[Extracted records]
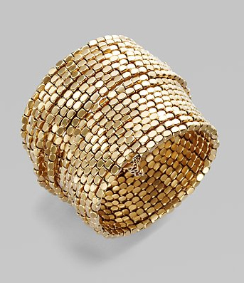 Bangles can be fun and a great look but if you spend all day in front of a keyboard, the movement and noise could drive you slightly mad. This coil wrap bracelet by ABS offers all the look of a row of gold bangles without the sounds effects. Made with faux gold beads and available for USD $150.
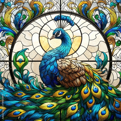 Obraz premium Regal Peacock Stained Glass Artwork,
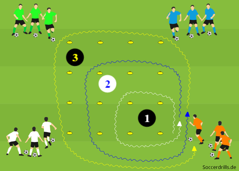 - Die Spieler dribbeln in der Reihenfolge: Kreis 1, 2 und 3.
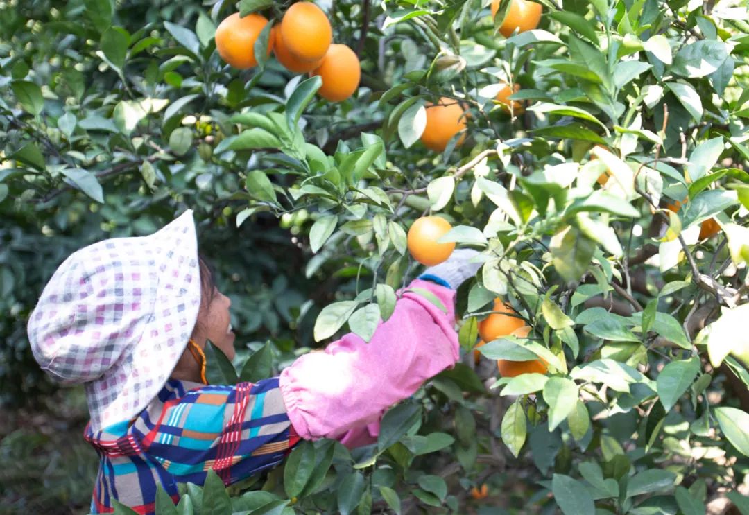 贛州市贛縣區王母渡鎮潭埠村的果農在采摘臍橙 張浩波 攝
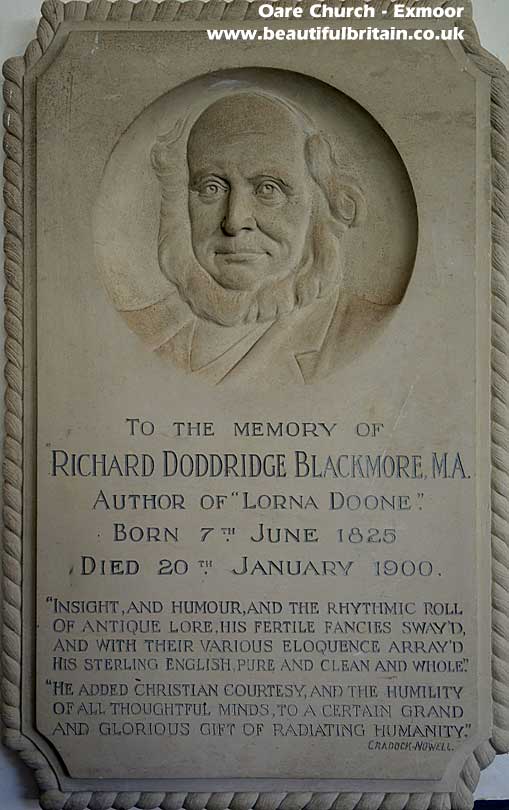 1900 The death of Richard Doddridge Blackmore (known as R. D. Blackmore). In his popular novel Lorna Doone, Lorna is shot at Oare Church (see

Exercise ->
Would you please repeat each record exactly? Leave the pictures out.

Written answer ->
 Bangles can be fun and a great look but if you spend all day in front of a keyboard, the movement and noise could drive you slightly mad. This coil wrap bracelet by ABS offers all the look of a row of gold bangles without the sounds effects. Made with faux gold beads and available for USD $150.
 Obraz premium Regal Peacock Stained Glass Artwork,
 - Die Spieler dribbeln in der Reihenfolge: Kreis 1, 2 und 3.
 贛州市贛縣區王母渡鎮潭埠村的果農在采摘臍橙 張浩波 攝
 1900 The death of Richard Doddridge Blackmore (known as R. D. Blackmore). In his popular novel Lorna Doone, Lorna is shot at Oare Church (see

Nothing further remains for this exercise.